Level 21: Chessformer
Slide the rook up from (7,7)? No, the rook is at (7,7) after move 5. Actually, after move 5, the rook is at (7,7) because it slid to the right edge. It pushed the pawn onto the star. Now the rook is on the star’s square but hasn’t captured it because the star is under the pawn.
Slide the rook down from (1,4) to (1,7) — the bottom-left corner. This does nothing immediately, but it repositions the rook. chessformer level 21
Slide the rook left (it’s already at left edge? No—wait, the rook starts at column 2, row 4. Slide left 1 square to column 1, row 4). Now the rook is against the left wall. Nothing changes yet. Slide the rook up from (7,7)
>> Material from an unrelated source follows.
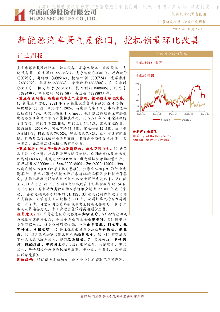 华西证券:机械行业周报:新能源汽车景气度依旧,挖机销量环比改善.pdf

In truth, the correct solution (verified by speedruns) uses the rook to “kick” the pawn off the star, then the king slides into the empty star square. The beauty is that the king never directly attacks; it simply occupies space after the rook clears the way. Level 21 is not the hardest level in Chessformer (Level 34 holds that title for many), but it is the gatekeeper . It is the first level that demands players abandon the idea of using pieces “correctly” by chess rules. In standard chess, rooks are for attacking, kings are for hiding. In Chessformer , the rook is a bulldozer, and the king is a precision tool. It pushed the pawn onto the star
Slide the king right from (3,4) along row 3. It will slide, hit a stone, stop—but wait, the star is at (7,7), not row 3. Hmm. The actual solution involves the king sliding up from row 3 to row 7 in a later move, but the precise sequence is too long to detail here.
Slide the king up to (3,4). Now the king is aligned with the star’s column.